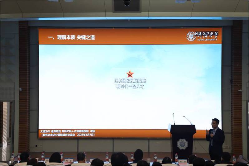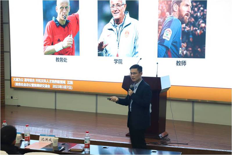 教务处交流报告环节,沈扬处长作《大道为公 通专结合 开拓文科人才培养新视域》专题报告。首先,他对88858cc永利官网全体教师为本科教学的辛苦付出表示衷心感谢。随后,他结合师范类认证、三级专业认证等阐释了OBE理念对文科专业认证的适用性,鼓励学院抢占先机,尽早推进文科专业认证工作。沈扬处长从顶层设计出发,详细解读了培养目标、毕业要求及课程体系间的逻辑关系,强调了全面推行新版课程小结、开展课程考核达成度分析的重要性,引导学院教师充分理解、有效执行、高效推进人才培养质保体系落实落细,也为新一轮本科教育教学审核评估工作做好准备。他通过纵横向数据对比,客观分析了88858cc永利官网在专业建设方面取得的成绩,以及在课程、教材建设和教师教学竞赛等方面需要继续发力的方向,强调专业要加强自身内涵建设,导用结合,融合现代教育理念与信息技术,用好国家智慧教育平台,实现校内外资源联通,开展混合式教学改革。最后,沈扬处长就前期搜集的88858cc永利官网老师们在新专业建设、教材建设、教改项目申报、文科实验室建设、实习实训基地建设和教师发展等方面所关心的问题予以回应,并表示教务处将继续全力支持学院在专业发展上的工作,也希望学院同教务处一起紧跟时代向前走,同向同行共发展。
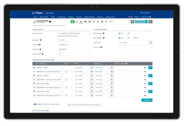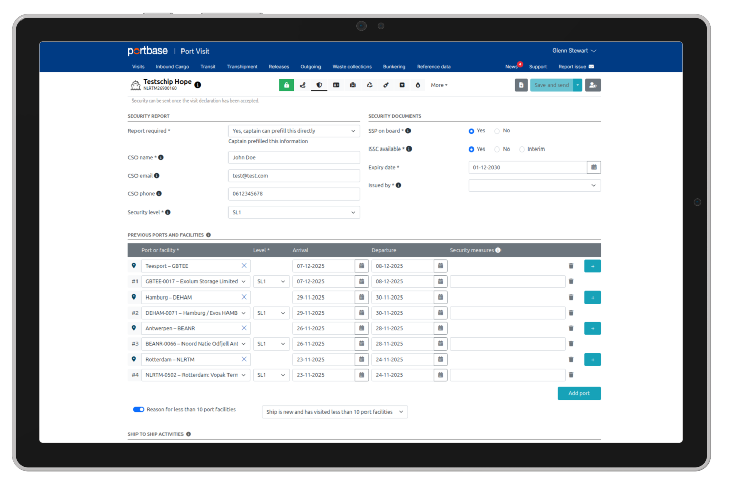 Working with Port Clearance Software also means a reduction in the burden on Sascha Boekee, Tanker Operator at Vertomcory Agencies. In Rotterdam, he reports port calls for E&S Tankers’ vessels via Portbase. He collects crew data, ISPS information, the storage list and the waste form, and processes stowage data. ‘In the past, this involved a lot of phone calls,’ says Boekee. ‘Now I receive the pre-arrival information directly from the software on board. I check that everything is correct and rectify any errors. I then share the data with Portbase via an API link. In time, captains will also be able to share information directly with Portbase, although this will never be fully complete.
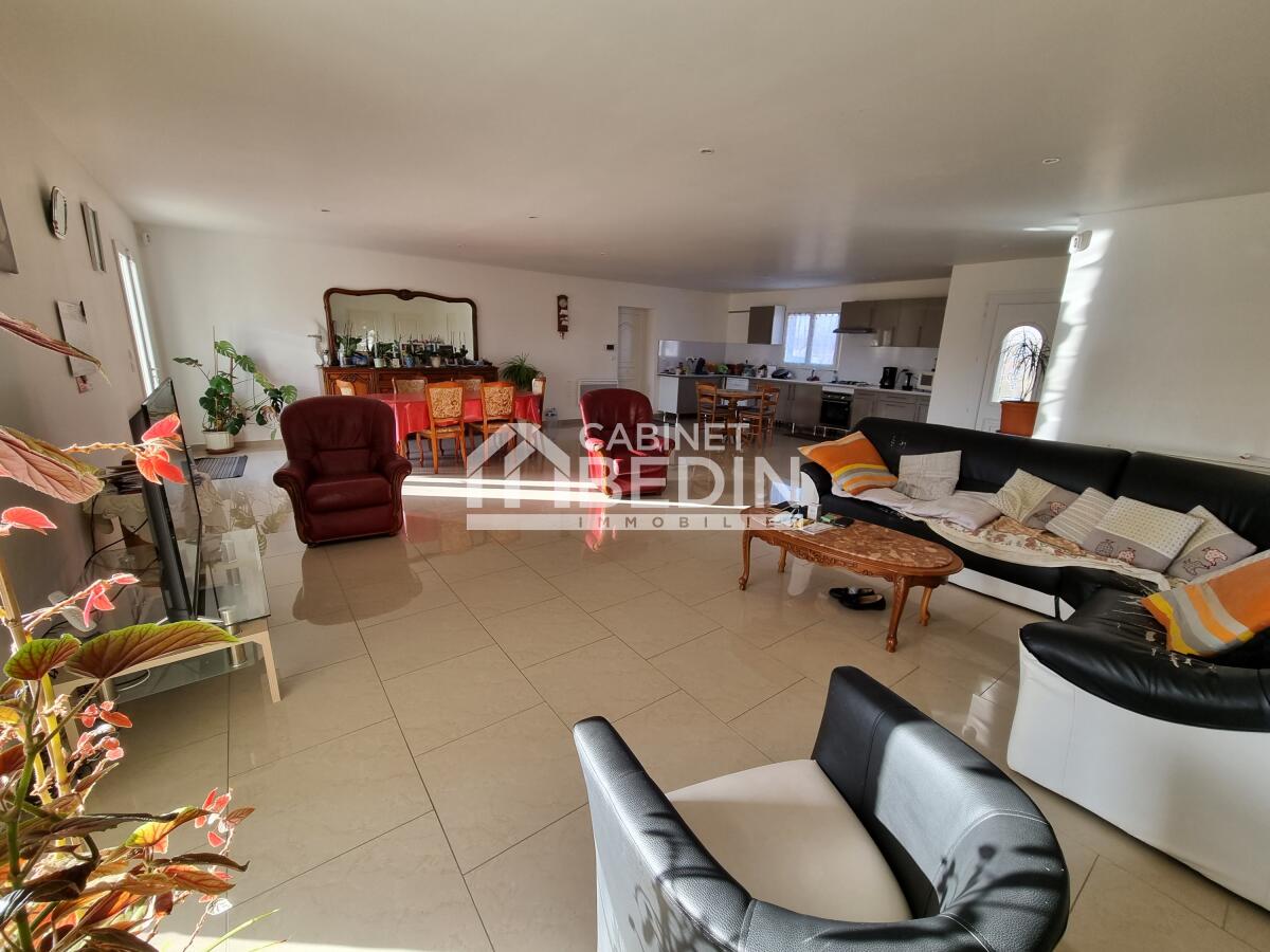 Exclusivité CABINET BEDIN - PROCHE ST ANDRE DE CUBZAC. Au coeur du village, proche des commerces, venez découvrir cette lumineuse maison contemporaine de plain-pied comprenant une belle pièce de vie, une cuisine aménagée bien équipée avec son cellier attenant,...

- **To do**
Copy out the lines above unchanged. Skip the images.

- **Task result**
 教务处交流报告环节,沈扬处长作《大道为公 通专结合 开拓文科人才培养新视域》专题报告。首先,他对88858cc永利官网全体教师为本科教学的辛苦付出表示衷心感谢。随后,他结合师范类认证、三级专业认证等阐释了OBE理念对文科专业认证的适用性,鼓励学院抢占先机,尽早推进文科专业认证工作。沈扬处长从顶层设计出发,详细解读了培养目标、毕业要求及课程体系间的逻辑关系,强调了全面推行新版课程小结、开展课程考核达成度分析的重要性,引导学院教师充分理解、有效执行、高效推进人才培养质保体系落实落细,也为新一轮本科教育教学审核评估工作做好准备。他通过纵横向数据对比,客观分析了88858cc永利官网在专业建设方面取得的成绩,以及在课程、教材建设和教师教学竞赛等方面需要继续发力的方向,强调专业要加强自身内涵建设,导用结合,融合现代教育理念与信息技术,用好国家智慧教育平台,实现校内外资源联通,开展混合式教学改革。最后,沈扬处长就前期搜集的88858cc永利官网老师们在新专业建设、教材建设、教改项目申报、文科实验室建设、实习实训基地建设和教师发展等方面所关心的问题予以回应,并表示教务处将继续全力支持学院在专业发展上的工作,也希望学院同教务处一起紧跟时代向前走,同向同行共发展。
 Working with Port Clearance Software also means a reduction in the burden on Sascha Boekee, Tanker Operator at Vertomcory Agencies. In Rotterdam, he reports port calls for E&S Tankers’ vessels via Portbase. He collects crew data, ISPS information, the storage list and the waste form, and processes stowage data. ‘In the past, this involved a lot of phone calls,’ says Boekee. ‘Now I receive the pre-arrival information directly from the software on board. I check that everything is correct and rectify any errors. I then share the data with Portbase via an API link. In time, captains will also be able to share information directly with Portbase, although this will never be fully complete.
 Exclusivité CABINET BEDIN - PROCHE ST ANDRE DE CUBZAC. Au coeur du village, proche des commerces, venez découvrir cette lumineuse maison contemporaine de plain-pied comprenant une belle pièce de vie, une cuisine aménagée bien équipée avec son cellier attenant,...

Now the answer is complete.